Cup-bap () is a food truck offering that consists of bap (rice) in a paper or plastic cup with a variety of toppings. Created in the 2000s for Korea street food, cup-bap has become a popular quick meal or snack for students from private cram schools known as hagwons (Korean pronunciation: [haɡwʌn]) in the neighborhood of Noryangjin.

Definition and history 

In the streets of Noryangjin, many students would come out to eat at the same time which had been causing long lines at restaurants. Noryangjin had only offered very basic quick snacks such as hot dogs, so food trucks with cup-bap then filled the demand for quick, cheap, and more satisfying meals with rice, meat, and egg. Food trucks are able to quickly fill cup-bap orders, because they stir-fry the ingredients in advance in a large frying pan; when the cup-bap is ordered, the pre-cooked toppings are put in a cup with rice and egg. Because cup-bap is convenient to eat on the go as well as a more satisfying meal than other quick snacks, it grew in popularity with students. More food trucks started offering cup-bap along with a wider variety of toppings to satisfy various tastes.

Types 

Some of the most popular kinds of cup-bap are stir-fried kimchi, Bibimbap, bulgogi, pork-belly & ham, chicken teriyaki, chicken mayonnaise, tuna mayonnaise, etc.

Main consumers 
In Korea, cup-bap is a food truck offering that academy students eat for a snack or as a meal on the Noryangjin Institutes Street, and as it became more popular, new franchises opened near the schools. The main consumers are students and others who need a quick and cheap meal.

Korean food has gained huge popularity in Vietnam due to the influence of the Korean wave. Among them, sales of products such as tteok-bokki, cup-bap, and japchae has risen by 38 percent. Cup-bap has also been very successful In Cambodia.

Disadvantages and problems 

 Cup-bap nutrition has both benefits and drawbacks. It's a meal made up of meat with eggs on top of rice with relatively few vegetables available. So although it's a more nutritious meal than some basic snacks, it's high in carbohydrates, fat, and salt while lacking in vitamins and minerals. Without much fiber, it doesn't always digest well. In general, sodium and sugar content are high.
 Hygienic management is challenging because many ingredients are stored pre-cooked; so bacteria that could cause enteritis is more likely to develop than in freshly prepared food truck offerings.
 Under South Korea's law on the labeling of origin of agricultural and fisheries products, the country of origin for beef, pork and chicken in cup-bap must be listed on the menu, but few food trucks follow this law.

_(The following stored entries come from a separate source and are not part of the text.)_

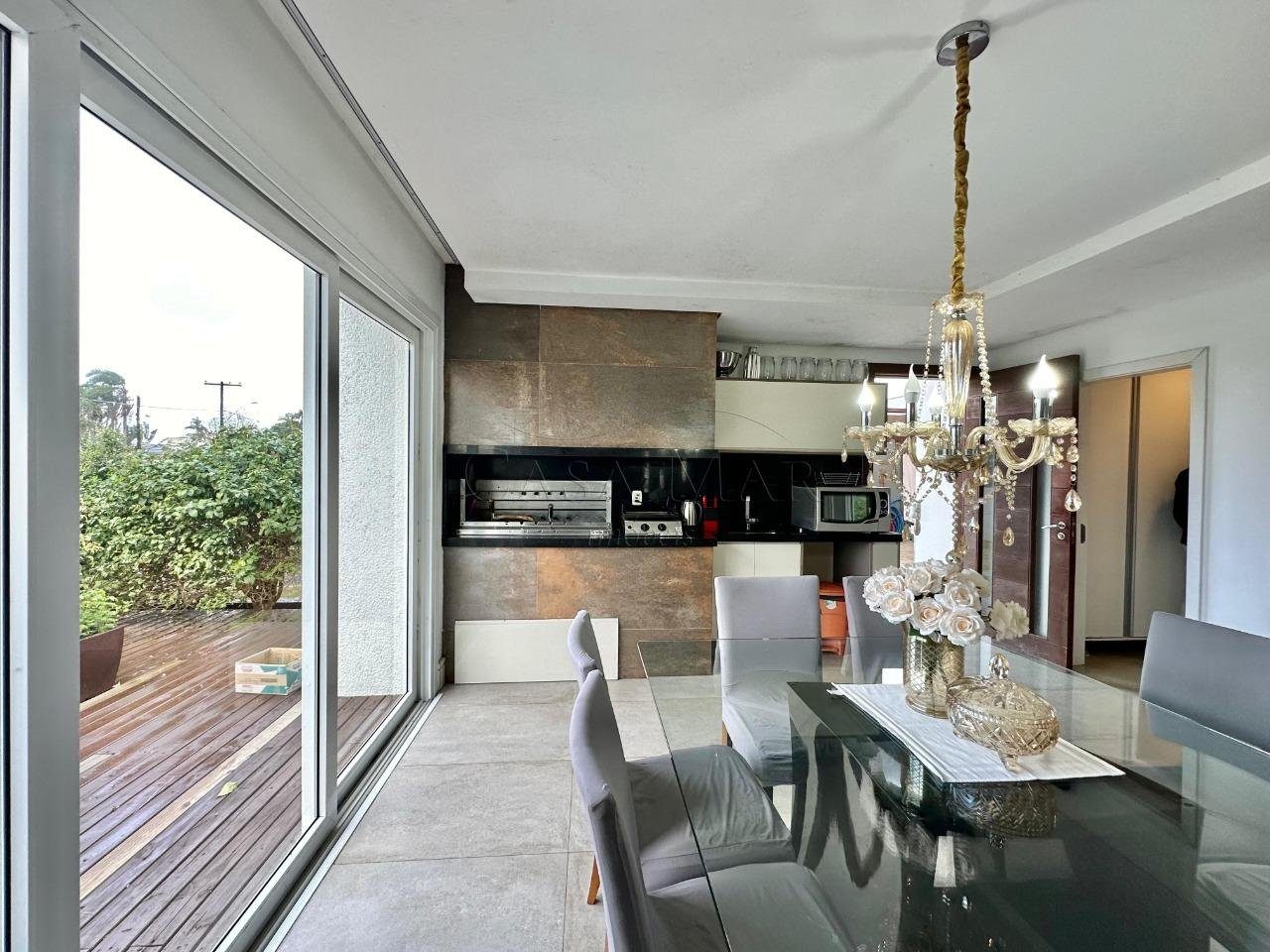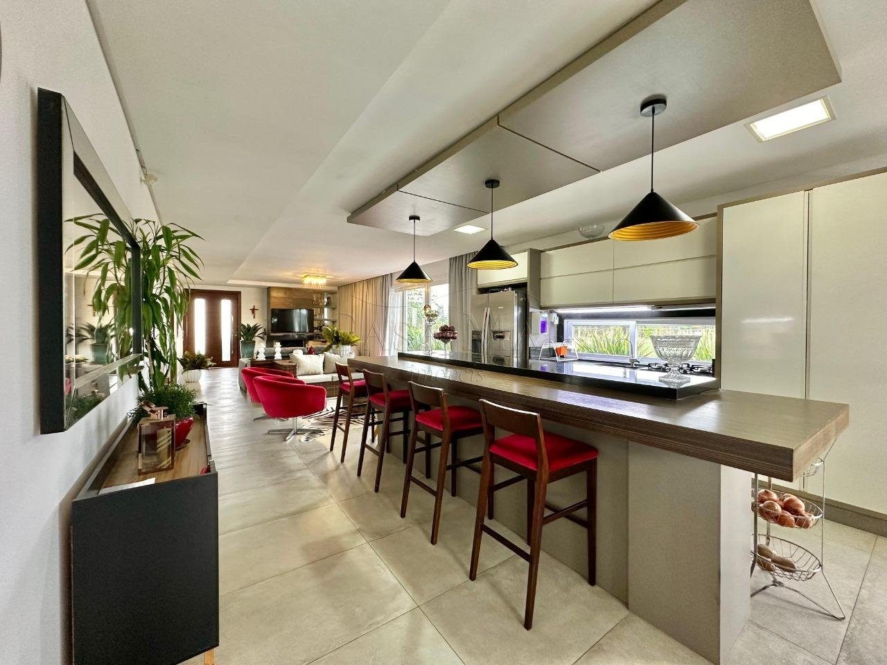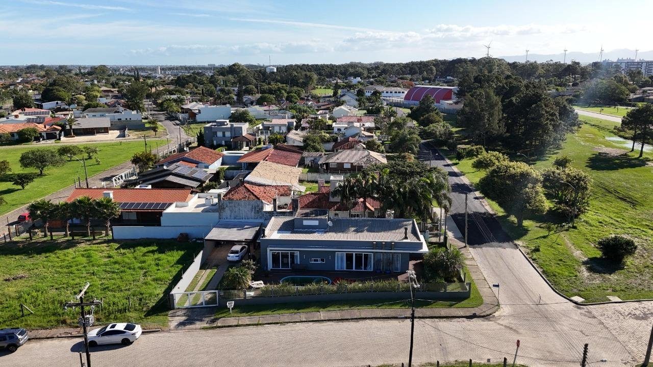 Casa de esquina, composta por 03 dormitórios sendo 01 suíte, banho social, living integrado, lareira, cozinha americana com churrasqueira, excelente iluminação natural, deck com piscina aquecida, amplo pátio.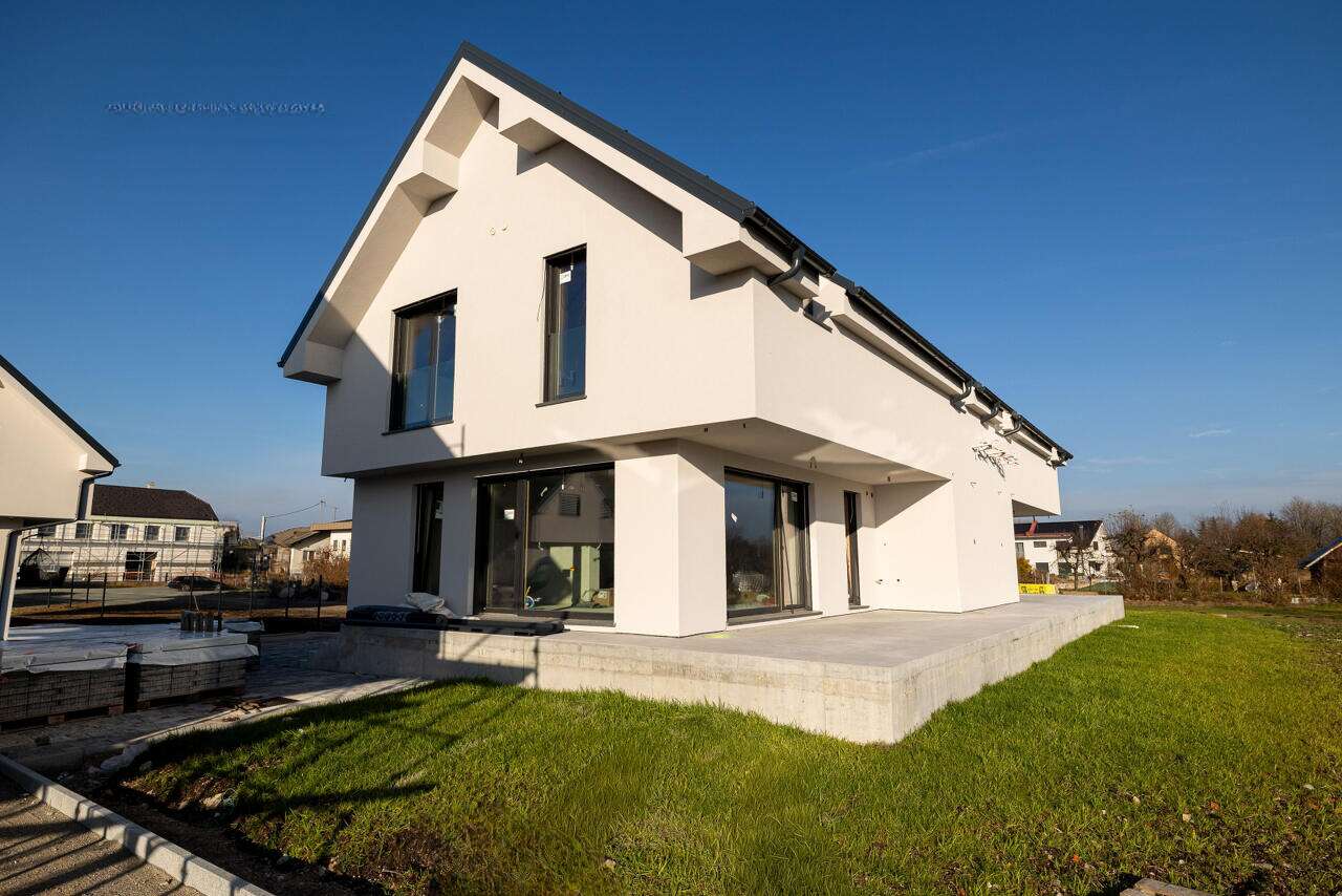 Современный просторный дом на две квартиры, площадью 127,7 м², разместился в живописном районе Чёрна-Вас, всего в нескольких минутах пути от популярного торгового центра "Супернова Рудник". К 2025 году, он будет сдан "под ключ" и возведён с использованием первоклассных материалов.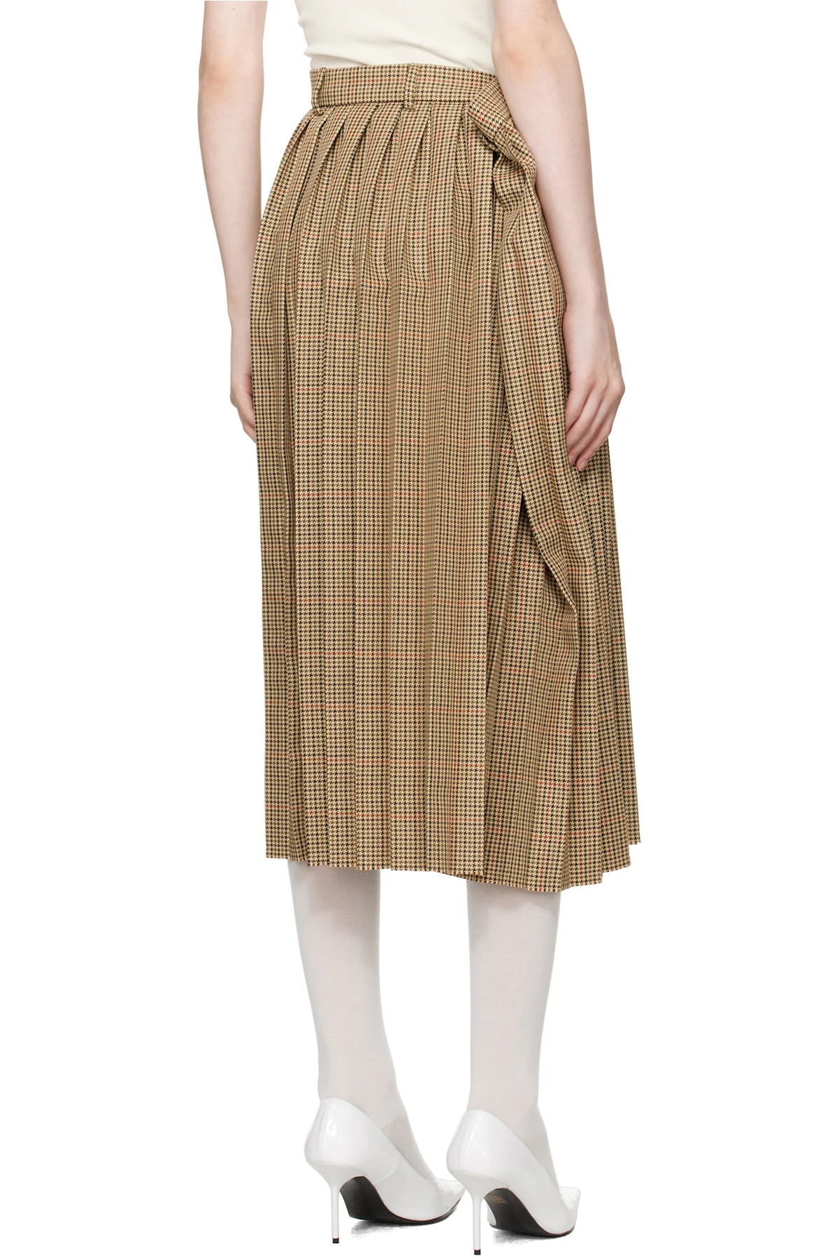 Beige Pleated Midi Skirt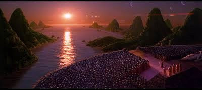 I should add, the special effects visualizations of New Chicago and Anarchia are nothing less-than-spectacular, even today. Again, it’s difficult to reckon with just how cheaply this movie was made because it features extensive, highly-detailed matte paintings, numerous space dogfights, and huge sets (like Ardala’s throne room…replete with Olympic-size swimming pool).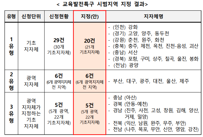 교육발전특구 시범지역 선정 과정은 지역 교육의 질을 높이고, 교육 혁신을 이끌어내기 위한 매우 중요한 단계였습니다. 이 과정은 전국의 여러 지역들이 참여해 경쟁적으로 이루어졌고, 각 지역은 자신들만의 독특한 교육 프로그램과 혁신 계획을 제출했습니다. 선정 결과, 다양한 교육적 요구와 지역적 특성을 반영한 31개의 시범지역이 발표되었습니다. 이들 지역은 앞으로 정부로부터 재정적 지원과 정책적 우대를 받게 되며, 이를 바탕으로 지역 맞춤형 교육 혁신을 실현할 기회를 얻게 되었습니다.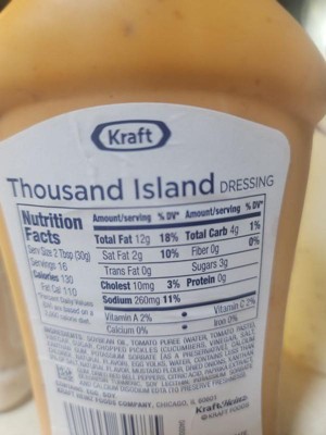 Kraft Thousand Island Dressing uses delicious ingredients for a rich, creamy topping perfect for salads, sandwiches, burgers and more. Our thousand island dressing contains no synthetic colors and no high fructose corn syrup or artificial flavors for a great dressing option. Made with chopped pickles, dried onions, paprika extract and mustard flour, this thousand island dressing has a creamy, tangy flavor that perfectly complements coleslaw or burgers. Top an entree salad with this Thousand Island dressing or bite into a mouthwatering Reuben with our flavorful sandwich dressing on top. Each 16 fluid ounce bottle of dressing has 16 servings, so you can make meals for the entire family or prepare many individual servings.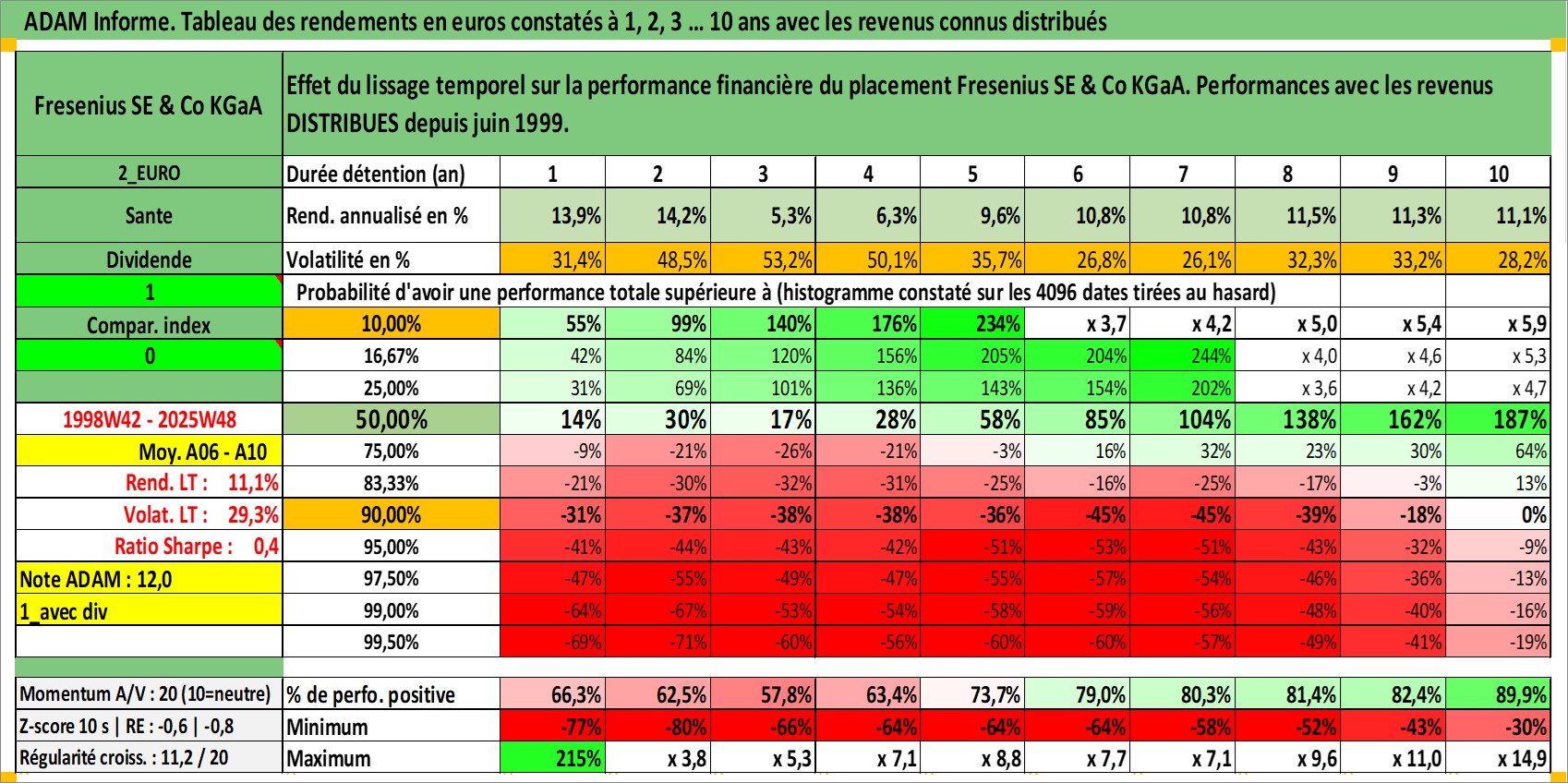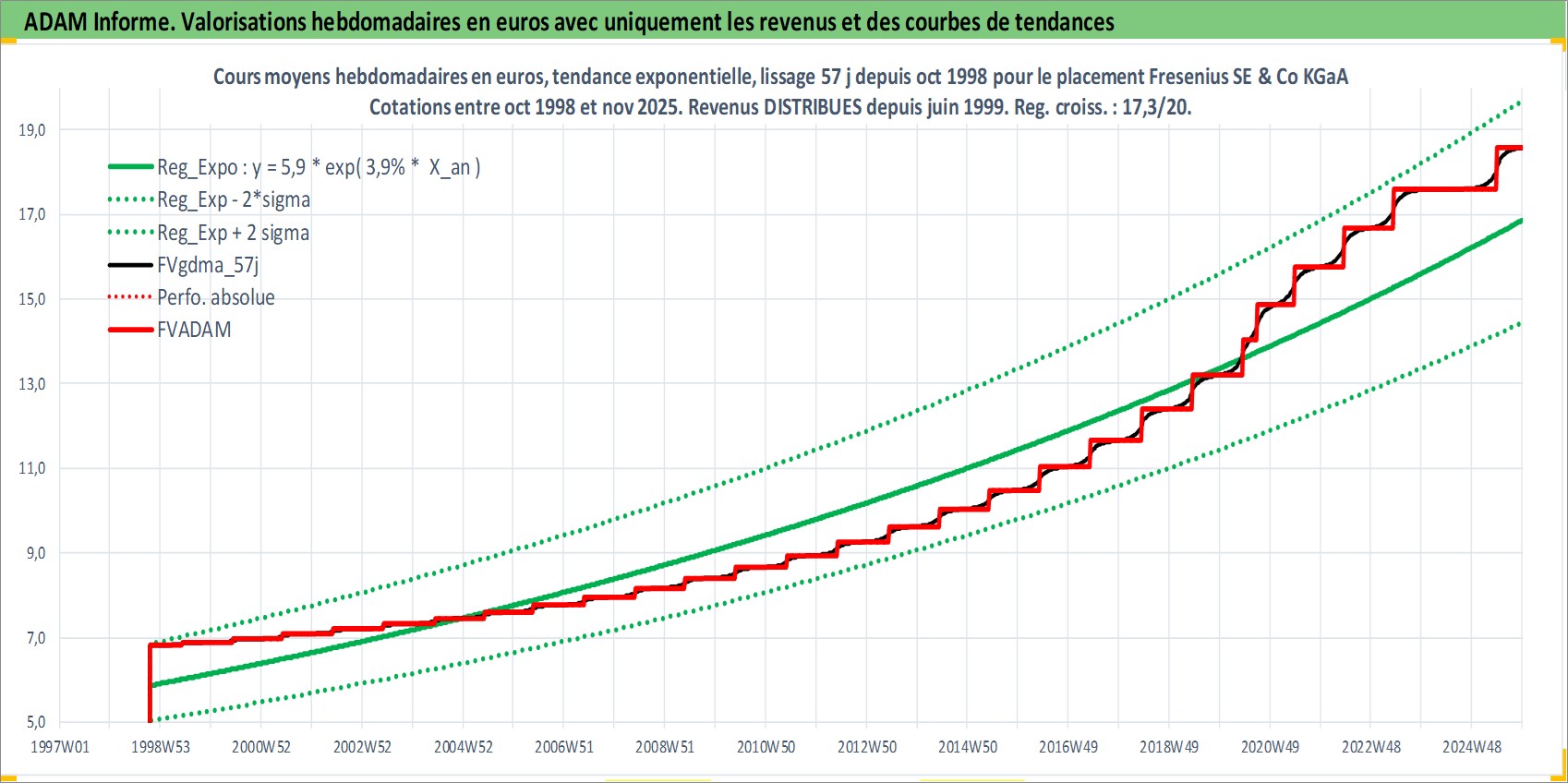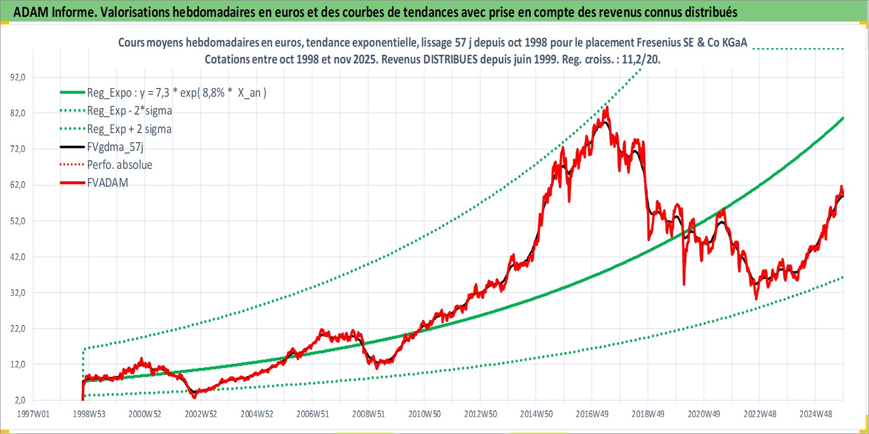 Site dédié aux investisseursPage dédiée sur site financeAnalyse des valorisations hebdomadaires de l'action Fresenius SE & Co KGaA. Cet actif est cote en EUR. Les valorisations couvrent les semaines 1998W42 a 2025W48. Les revenus de cet actif financier sont pris en compte depuis la semaine 1999W23. La note globale ESG de cet actif est estimee a 10.0 (apres rebasage entre 0 et 20).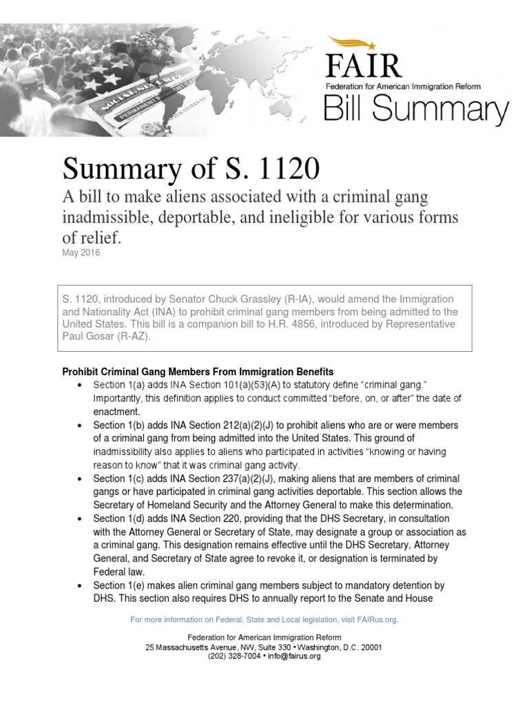 S. 1120, introduced by Senator Chuck Grassley (R-IA), would amend the Immigration and Nationality Act (INA) to prohibit criminal gang members from being admitted to the United States. This bill is a companion bill to H.R. 4856, introduced by Representative Paul Gosar (R-AZ).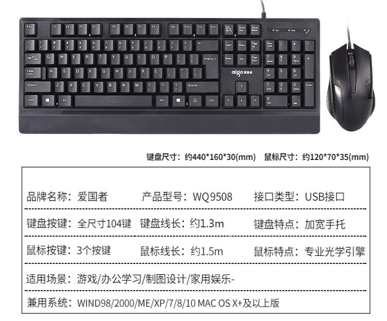 愛國(guó)者9508電腦鍵鼠套裝有線鍵盤鼠標(biāo)USB接口臺(tái)式筆記本辦公家用

Cup-bap food trucks are not authorized businesses by the Metropolitan Government, so they aren't obligated to abide by the law, and they don't pay taxes.

Commercialization in food companies 
Starting from Noryangjin's food truck cup-bap, you can now find shops that sell cup-bap all over the streets of Korea, plus dried cup-bap as instant food. Convenience stores and famous Korean food companies are also launching a variety of cup-bap products. In particular, Korea's leading convenience store GS25 and food company Ottogi are making great efforts to expand its presence abroad. One-person households in Korea have increased significantly and it is now considered more acceptable to have dinner alone; as such more convenience stores and food companies are offering cup-bap.

See also 
Cupbop, a restaurant franchise in the United States and Indonesia that serves cup-bap and is a namesake of the cuisine.